Ejemplo 4 La activación epitelial por IL9 en un ratón transgénico produce la sobreproducción de moco y la expresión genética de la mucina. Un modelo para la selección del fármaco

Se criaron ratones transgénicos IL9 machos y hembras certificados como exentos de virus (IL9TG5-FVB/N) de 5-6 semanas de edad en nuestros laboratorios. Se adquirieron ratones machos y hembras FVB/N de 5-6 semanas de edad de los Laboratorios Jackson (Bar Harbor ME). Se alojaron los animales en una instalación de aire pasado por un filtro absoluto y se les dejó libre acceso a alimentos y agua durante 3 a 7 días antes de la manipulación experimental. Las instalaciones para los animales fueron mantenidas a 22°C y el ciclo de luz:oscuridad fue automáticamente controlado (10:14 horas luz:oscuridad).

Fenotipado y eficacia del tratamiento

Los animales fueron fenotipados antes de recibir algo o 24 hrs después de recibir un pseudotratamiento (vehículo) intratraqueal (IT), o fármacos en el mismo vehículo como el que se usó en los controles tratados idénticamente. Los ratones fueron tratados IT una vez al día durante tres días. NFA (100 \mug) o anticuerpo para IL-9 fueron administrados en PBS IT. Las respuestas al tratamiento fueron medidas valorando la inhibición de la mucina por examen histológico (Coloración de PAS superior a 10 secciones los pulmones tratados y del control o transferencias proteínicas Western de expresión de MUC1, MUC2 y MUC3 de los mismos pulmones. La Figura 8 muestra que los ratones transgénicos IL-9 constitutivamente sobreproducen mucina en comparación con los ratones FVB de control. Una reducción de los altos niveles de producción de mucina constitutiva que ocurre en el transgénico IL9 asmático (Figura 8) (control con vehículo y sin recibir nada) a niveles comparables a la producción de mucina de línea base más baja encontrada en los pulmones FVB/N (control positivo normal) fue considerado significante para cualquier fármaco. La expresión de la producción de moco en el transgénico IL9 está específicamente asociada a unos mayores niveles de ARNm estables de MUC2 y MUC5AC como se ha demostrado por reacción en cadena de la polimerasa con transcripción reversa RT- PCR (Figura 9).

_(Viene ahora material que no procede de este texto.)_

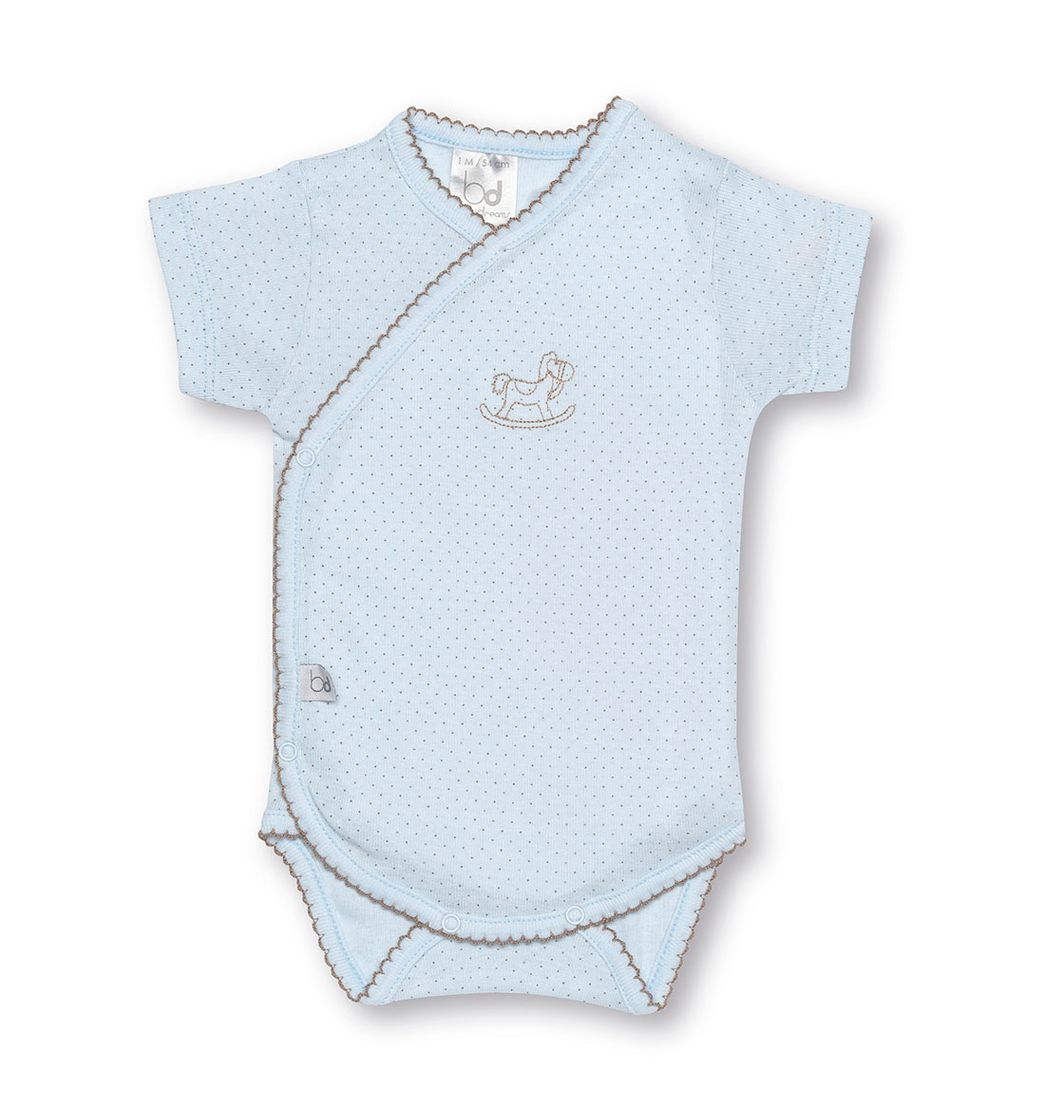 El diseño de pequeños lunares y el bordado de caballito balancín aportan un toque dulce y elegante. Ideal para cualquier estación, este body es fácil de poner y quitar, lo que lo convierte en una prenda funcional para el día a día. Los acabados en ondas contrastadas realzan la calidad del diseño, garantizando durabilidad y estilo.

Se demostró que el anticuerpo IL-9 de neutralización produce una reducción significante de la producción de mucina en los pulmones de transgénicos IL9 (Figura 10). El NFA también disminuyó la producción de mucina en este modelo.

Ejemplo 5 Inhibición de la sobreproducción de mucina en modelos múridos de asma por talniflumato

Se adquirieron ratones machos certificados exentos de virus B6D2F1 de 5-6 semanas de edad de Laboratorios Jackson (Bar Harbor ME). Se alojaron los animales en instalaciones con aire pasado por un filtro absoluto y se les dejó libre acceso a alimentos y agua 5 a 7 días antes de la manipulación experimental. Las instalaciones de los animales fueron mantenidas a 22°C y el ciclo de luz:oscuridad fue automáticamente controlado (12:12 horas de luz:
oscuridad).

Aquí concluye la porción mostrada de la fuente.